START PROVIDED DATA

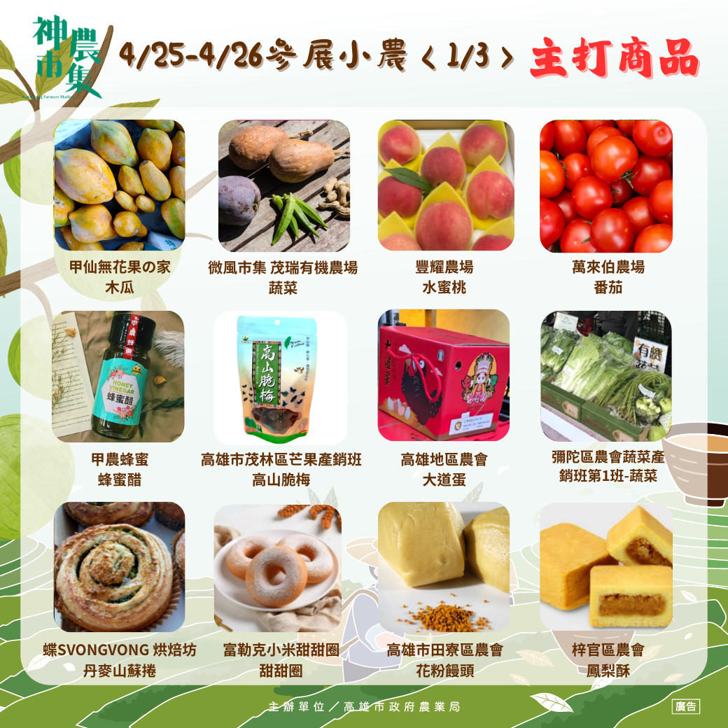 由高雄市政府農業局主辦的「神農市集」將於4月25日至26日在凹子底森林公園登場,活動集結上百攤優質農特產品,並匯聚30項來自高雄各地的金牌社區精選商品,透過展售與體驗並行,打造從產地直達餐桌的食農交流平台,邀請民眾深入認識在地農業的多元樣貌。
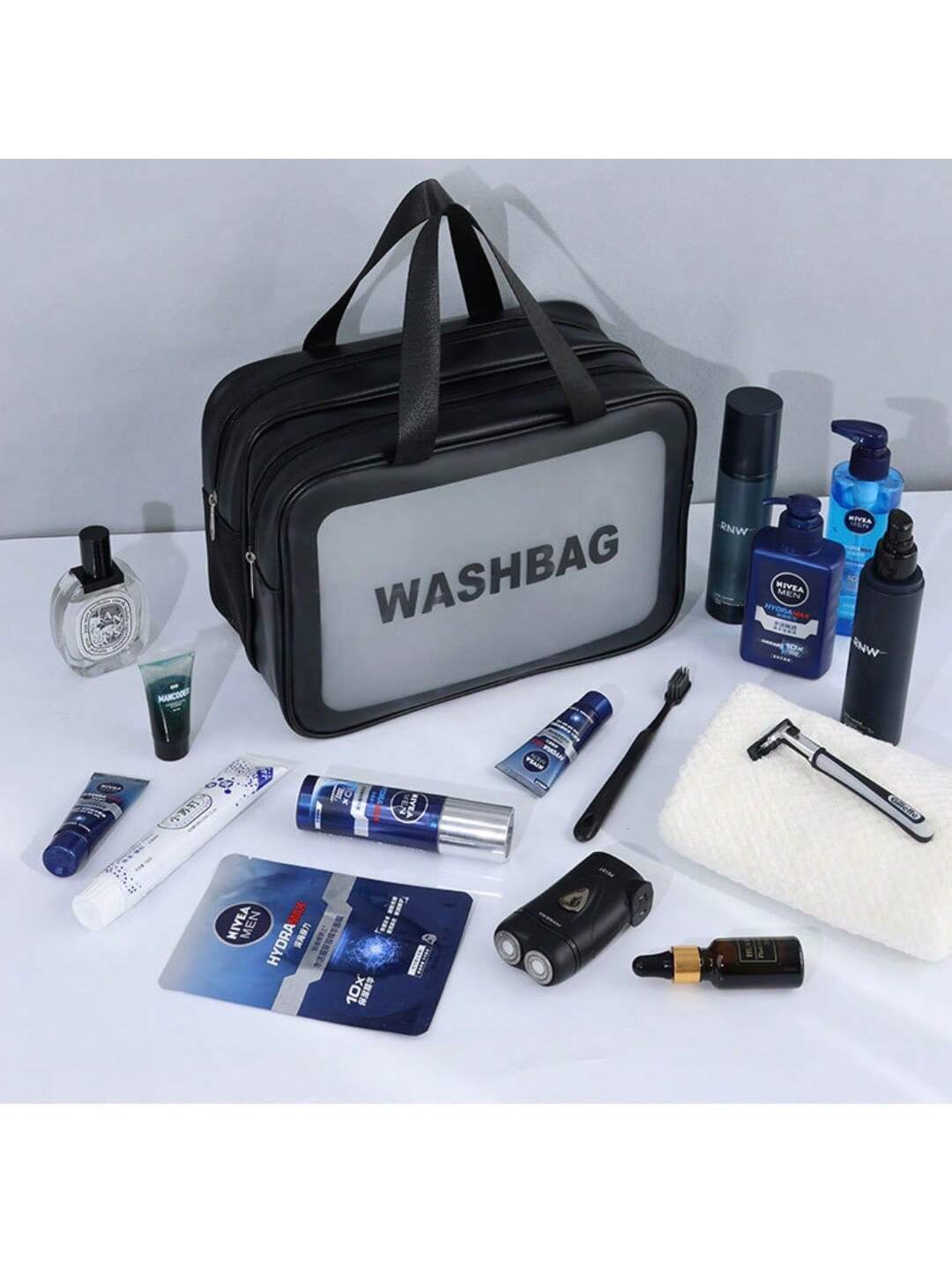 Dry wet separation men's grooming bag
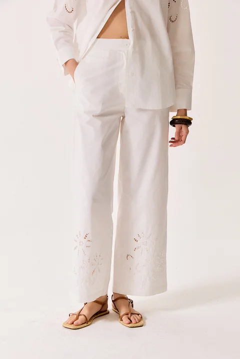 Pantalón con broderie de flores en el ruedo. Composición: 100% Algodón.
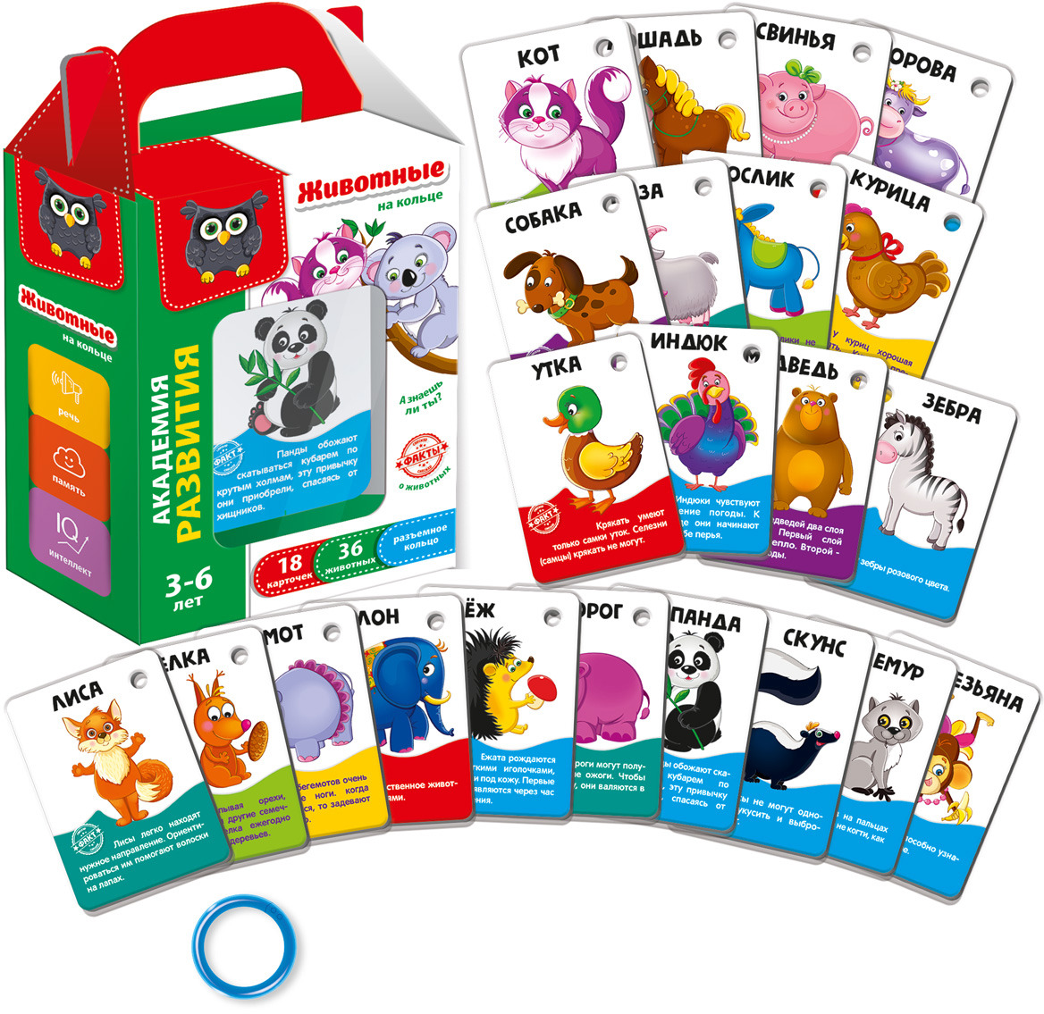 - В наборе ребенок обнаружит карточки из плотного картона с красочным изображением животных.
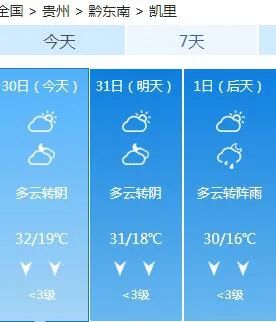 凯里 今天夜间阴 明天白天多云 19℃-31℃
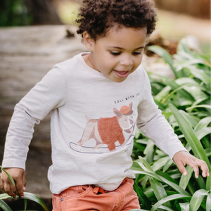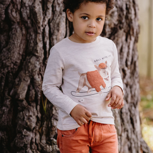 This long sleeve crew neck tee features a cool dog on a skateboard graphic on the front, concealed press stud shoulder opening and rib neck band, making it a great basic for your little one's Winter wardrobe to wear back with the Cool dogs pull on knit denim pants for a complete outfit.
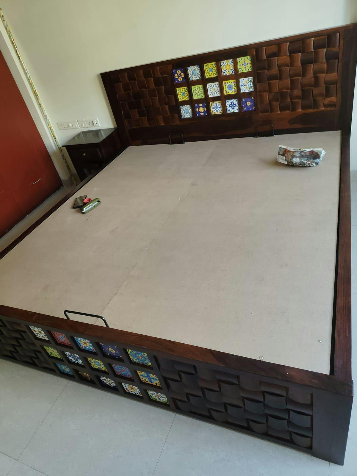 This bed stands out with its rich solid wood finish and uniquely handcrafted headboard design. Built with strong, durable construction, it ensures long-lasting quality, while the elegant detailing adds warmth and a luxurious feel to the bedroom. Offering excellent support and comfort, it is ideal for a restful night’s sleep.
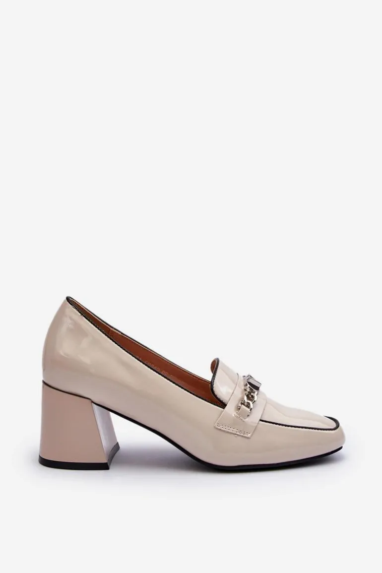 Skórzane czółenka powinny znaleźć się w szafie każdej kobiety. Model ten osadzony został na niskim, stabilnym obcasie. Usztywniony zapiętek zapewnia dodatkową stabilność i wsparcie dla stopy, co jest szczególnie istotne podczas noszenia. Z przodu znajduje się paseczek z ozdobą. Noski zaokrąglone. Wkładka ze skóry naturalnej zapewni wygodę podczas użytkowania. Koniecznie powinnaś je mieć! Przy wyborze rozmiaru prosimy sugerować się tabelą rozmiarów.
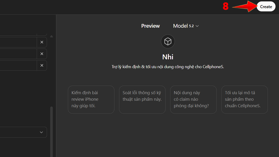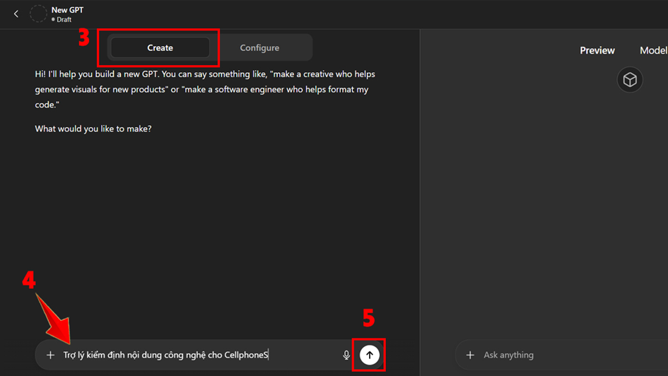 • Tại tab Create: Nhập mô tả mục tiêu của GPTs

END PROVIDED DATA

**ASSIGNMENT:** Output every line of the records above unchanged, and keep the pictures out.

**EXERCISE RESPONSE:**
 由高雄市政府農業局主辦的「神農市集」將於4月25日至26日在凹子底森林公園登場,活動集結上百攤優質農特產品,並匯聚30項來自高雄各地的金牌社區精選商品,透過展售與體驗並行,打造從產地直達餐桌的食農交流平台,邀請民眾深入認識在地農業的多元樣貌。
 Dry wet separation men's grooming bag
 Pantalón con broderie de flores en el ruedo. Composición: 100% Algodón.
 - В наборе ребенок обнаружит карточки из плотного картона с красочным изображением животных.
 凯里 今天夜间阴 明天白天多云 19℃-31℃
 This long sleeve crew neck tee features a cool dog on a skateboard graphic on the front, concealed press stud shoulder opening and rib neck band, making it a great basic for your little one's Winter wardrobe to wear back with the Cool dogs pull on knit denim pants for a complete outfit.
 This bed stands out with its rich solid wood finish and uniquely handcrafted headboard design. Built with strong, durable construction, it ensures long-lasting quality, while the elegant detailing adds warmth and a luxurious feel to the bedroom. Offering excellent support and comfort, it is ideal for a restful night’s sleep.
 Skórzane czółenka powinny znaleźć się w szafie każdej kobiety. Model ten osadzony został na niskim, stabilnym obcasie. Usztywniony zapiętek zapewnia dodatkową stabilność i wsparcie dla stopy, co jest szczególnie istotne podczas noszenia. Z przodu znajduje się paseczek z ozdobą. Noski zaokrąglone. Wkładka ze skóry naturalnej zapewni wygodę podczas użytkowania. Koniecznie powinnaś je mieć! Przy wyborze rozmiaru prosimy sugerować się tabelą rozmiarów.
 • Tại tab Create: Nhập mô tả mục tiêu của GPTs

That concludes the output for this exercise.